Andrew Garrett (explorer)


Andrew Garrett, was an American explorer, naturalist and illustrator.
Garrett specialized in malacology and ichthyology. Born in ALbany, New York, his family moved to Middlebury, Vermont, when he was a child. Considering himself a "Vermontian" throughout his life, he went to sea at age 16 mainly to get away and collect sea shells. Making Hawaii his home from 1857 - 1863, he was initially supported and sponsored by local shell collectors who admired his zeal and sense of adventure as together they found new species and developed a keen sense for scientific details. Soon they were publishing papers on the topic of conchology, for both for local and international scientists - mostly under Pease's name. Running out of funds, Andrew Garrett approached the world-famous ichthyologist Louis Agassiz, who had moved from his native Switzerland to head the new department of Comparative Zoology at Harvard University.

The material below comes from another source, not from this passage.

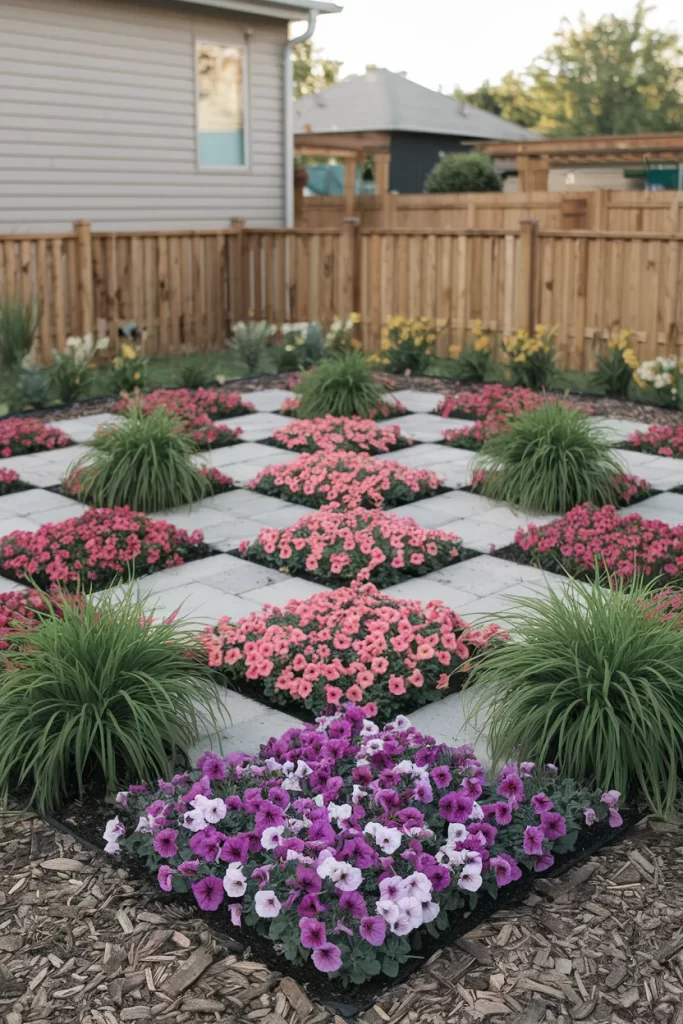 This contemporary backyard design features a striking geometric approach to flower bed layout. Square concrete pavers alternate with diamond-shaped planting areas filled with pink petunias and ornamental grasses. The repetitive pattern creates visual rhythm while the wooden fence provides privacy and backdrop. This design demonstrates how modern hardscaping can create structured growing spaces that require less maintenance than traditional beds.
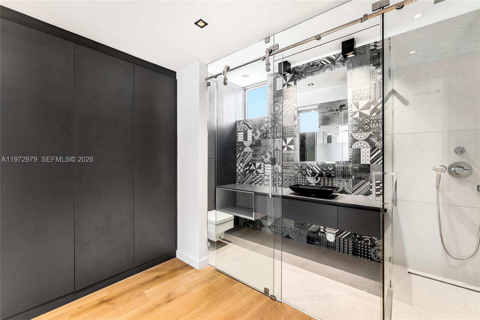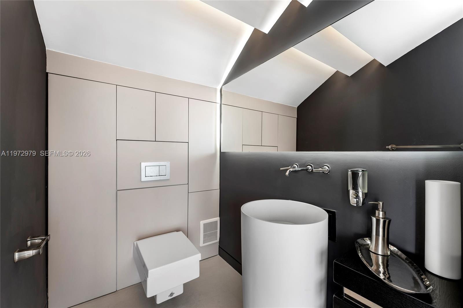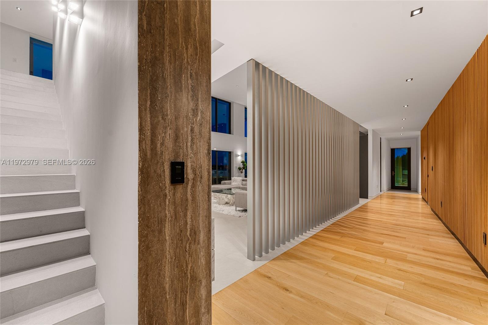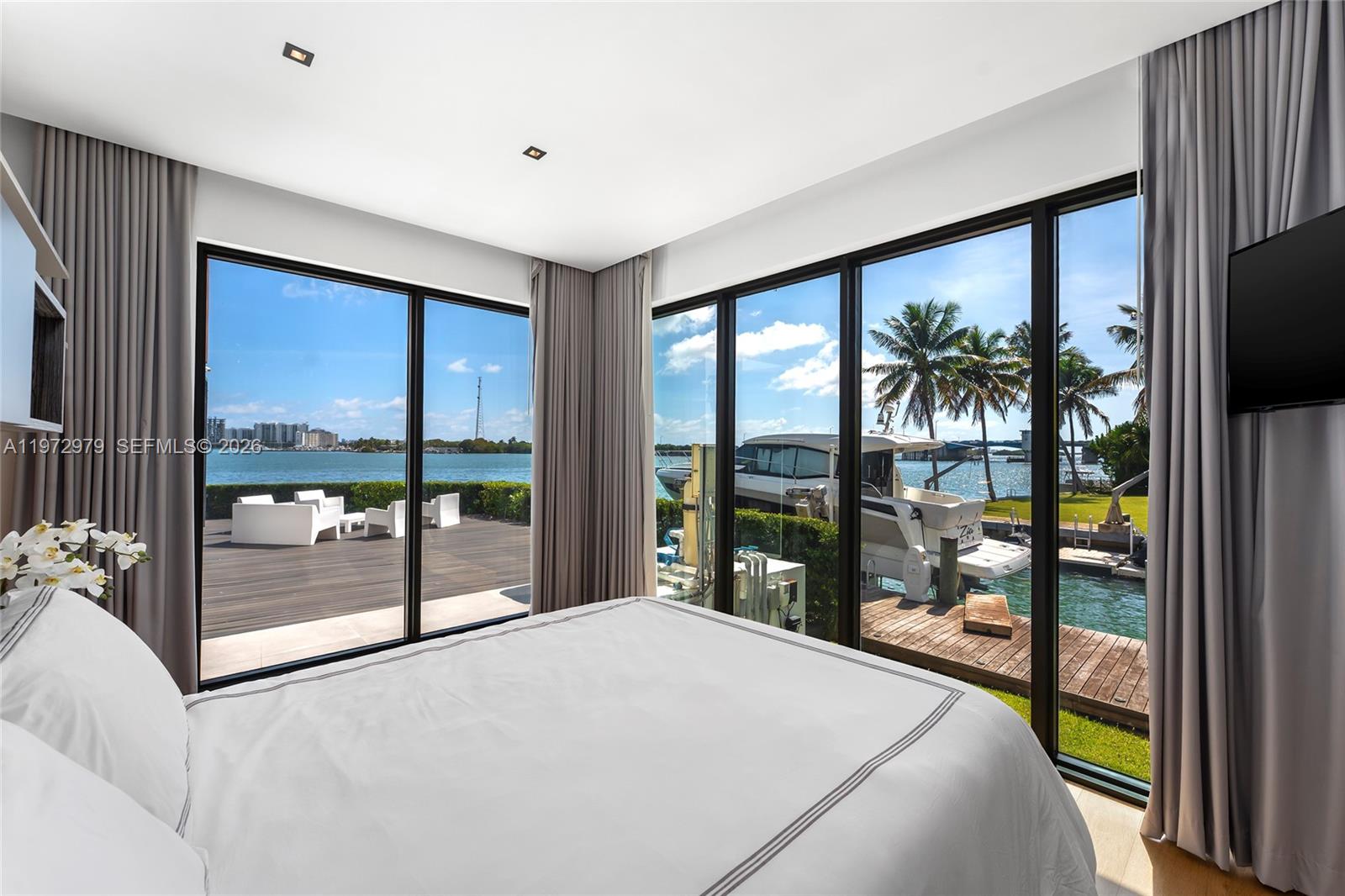 Tri-level modern bayfront estate in a quiet cul-de-sac sits on a coveted 9,650 SF point lot offering 171’ WF, 60 FT dock w/boat lift, direct bay & ocean access. Gated entry, 5BR/5.5BA incl. staff BR, 5,326 SF & dramatic Great Room w/spacious open floor plan seamlessly integrates living, entertaining, & dining areas all w/water views. Features soaring 24+ ft ceilings & enveloped by walls of glass opening to an expansive deck w/infinity pool overlooking the bay. Chef’s kitchen w/top-tier Miele appliances, integrated cabinetry & wine chillers. The 2nd floor luxe primary suite boasts a bayside terrace & stunning spa-inspired bath. Third-level rooftop lounge made to entertain with sweeping open bay & sunset views. Prime location minutes to beaches, Bal Harbour, Miami Beach, downtown & MIA.

Within the year he was part of a team that hunted for unusual species all over Polynesia, to sketch and paint them as lifelike as possible and send fishes conserved in alcohol for the growing collection at Harvard.

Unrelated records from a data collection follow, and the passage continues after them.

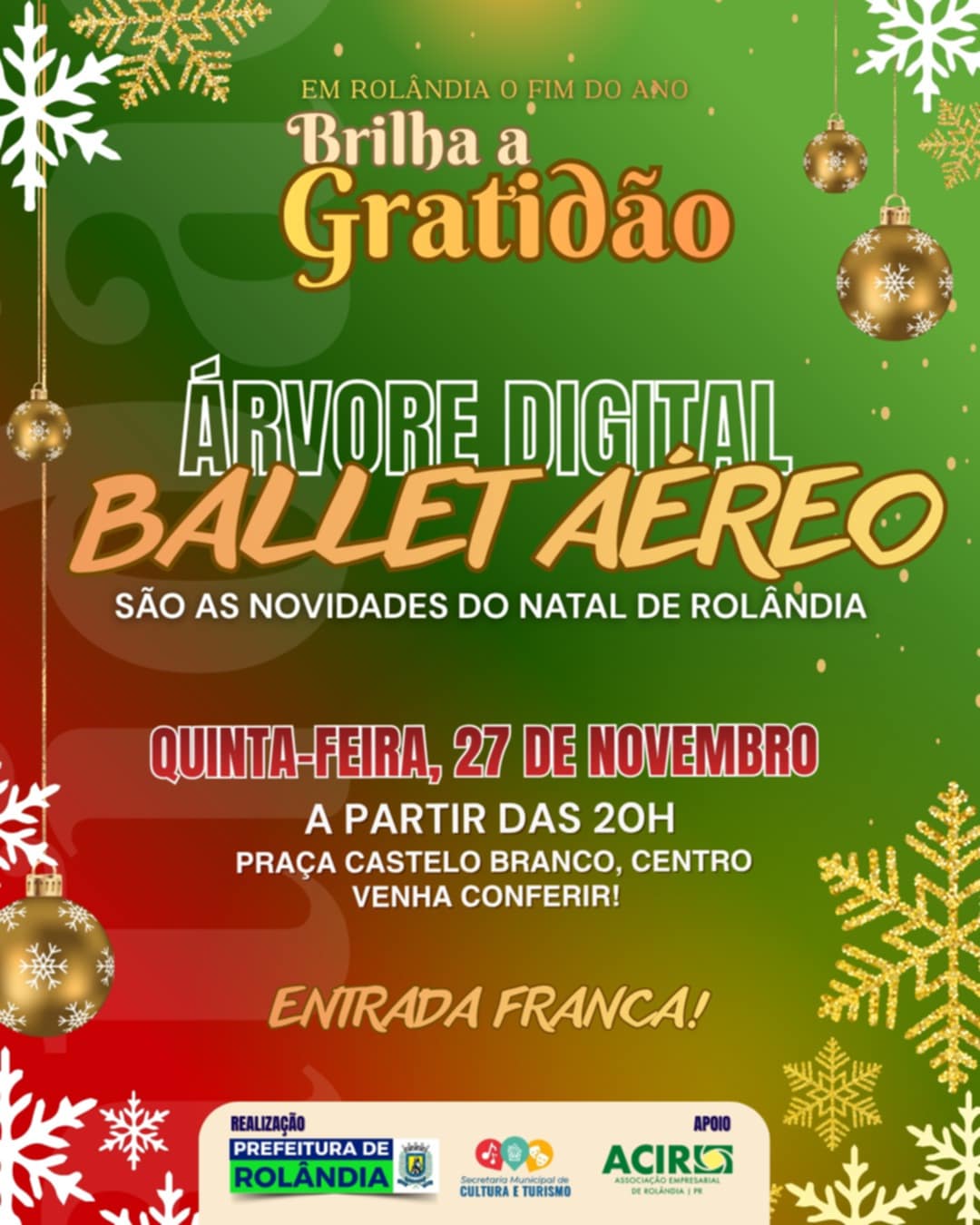 ÁRVORE DIGITAL E BALLET AÉREO SÃO AS NOVIDADES DO NATAL DE ROLÂNDIA “BRILHA A GRATIDÃO” Famílias de Rolândia, vocês estão convidadas! O Natal 2025 já tem data para c...
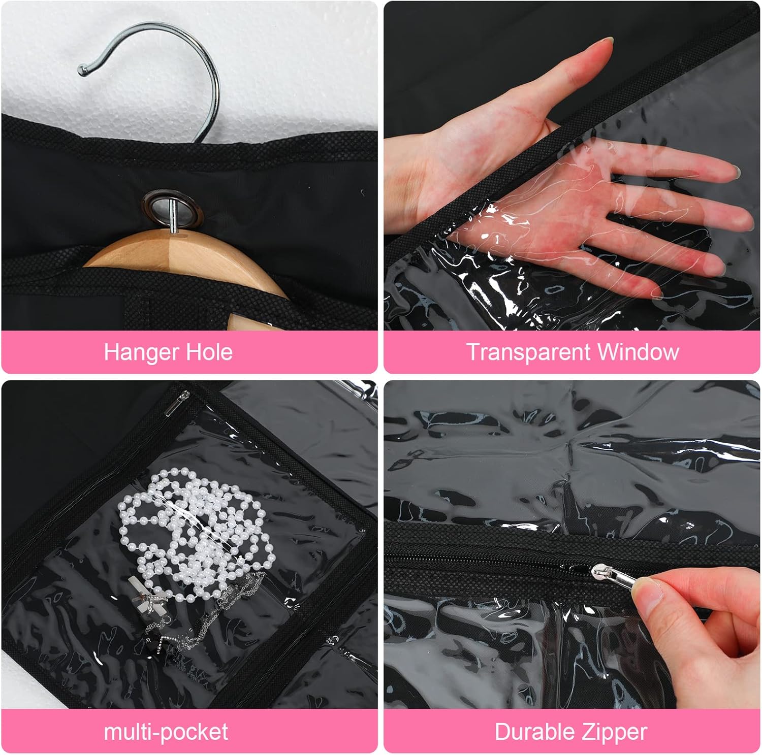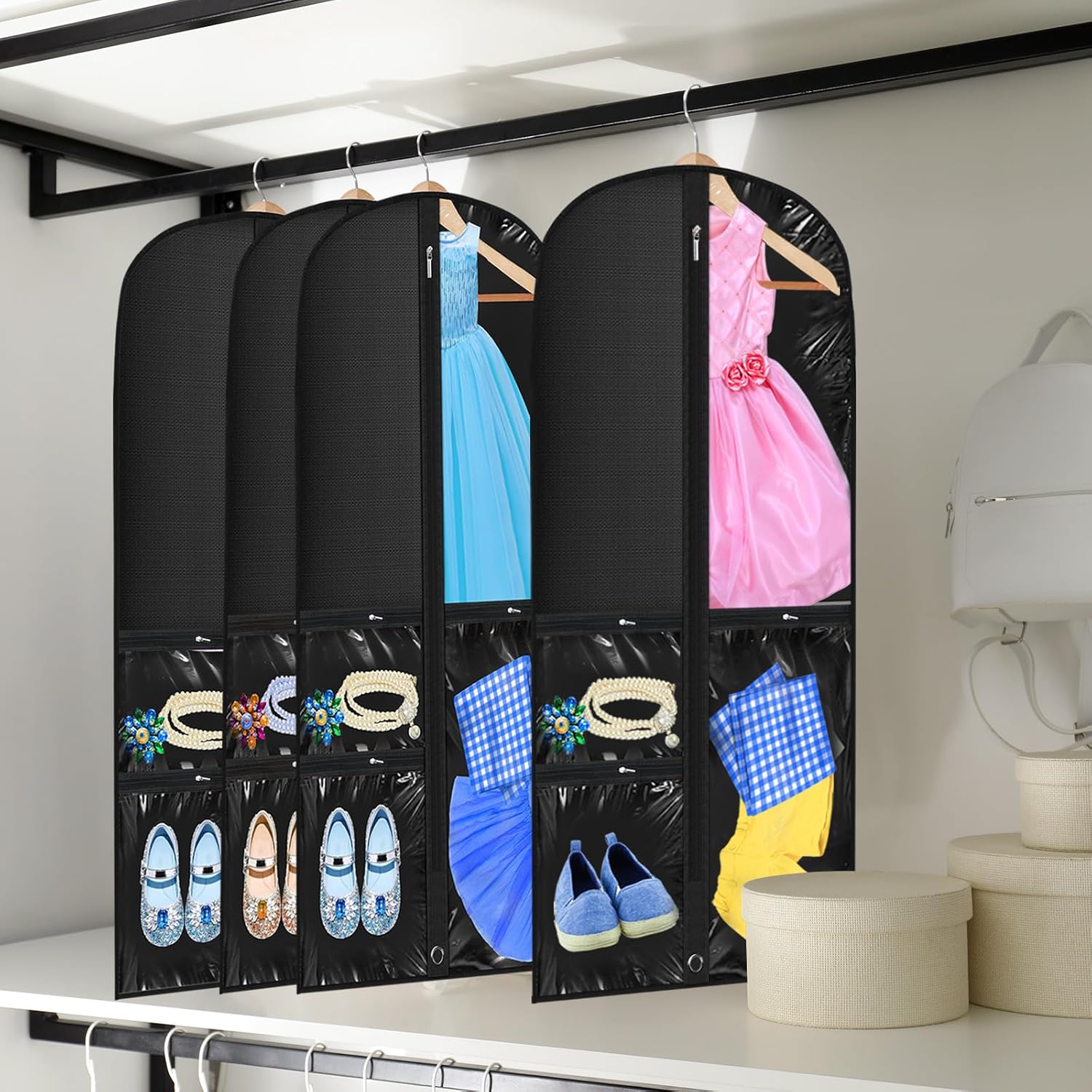 Convenient Pockets: these costume garment bags with pockets feature delicate workmanship, designed with several pockets, providing you enough space to store some stuffs, such as belts, headband, bags, hats and so on, bringing you much convenience
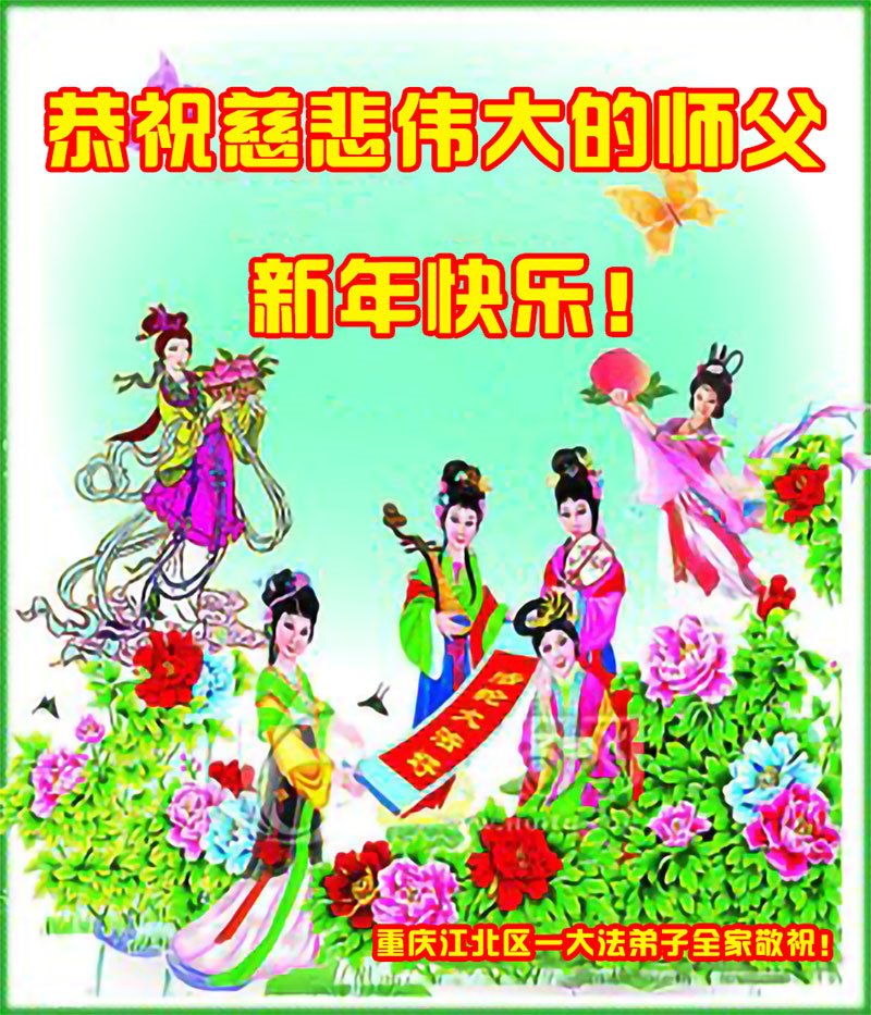 重慶江北區一大法弟子全家恭祝慈悲偉大的師父新年快樂!

Completely self-taught, he became a renowned and admired specialist in the field himself: a skilled artist and adventurer-scientist, he eventually found a new sponsor in Cesar Godeffroy, a wealthy scion of international commerce based in Hamburg, Germany. This helped him explore and describe the shells and fishes of Eastern Polynesia: Samoa, Fiji and many others. Settling on the island of Huahine in 1870, he made it his home and headquarters as he kept collecting shells, fish and eventually also native tools and artifacts to Germany until 1879, when Godeffroy went bankrupt. His seminal work "Fische der Suedsee" was first published in 1872 and remained of primary importance for the next generation of ichthyologists. He never returned to the United States, and died on November 1, 1887, on the island of Huahine where he had put down roots. Rumor has it that he wrote his own obituary, and had the local missionary Ebenezer Cooper send it out into the world he had left behind in his wanderings. Mostly forgotten by both Germans and AMericans, he deserves to be remembered and honored for the rich legacy he left behind.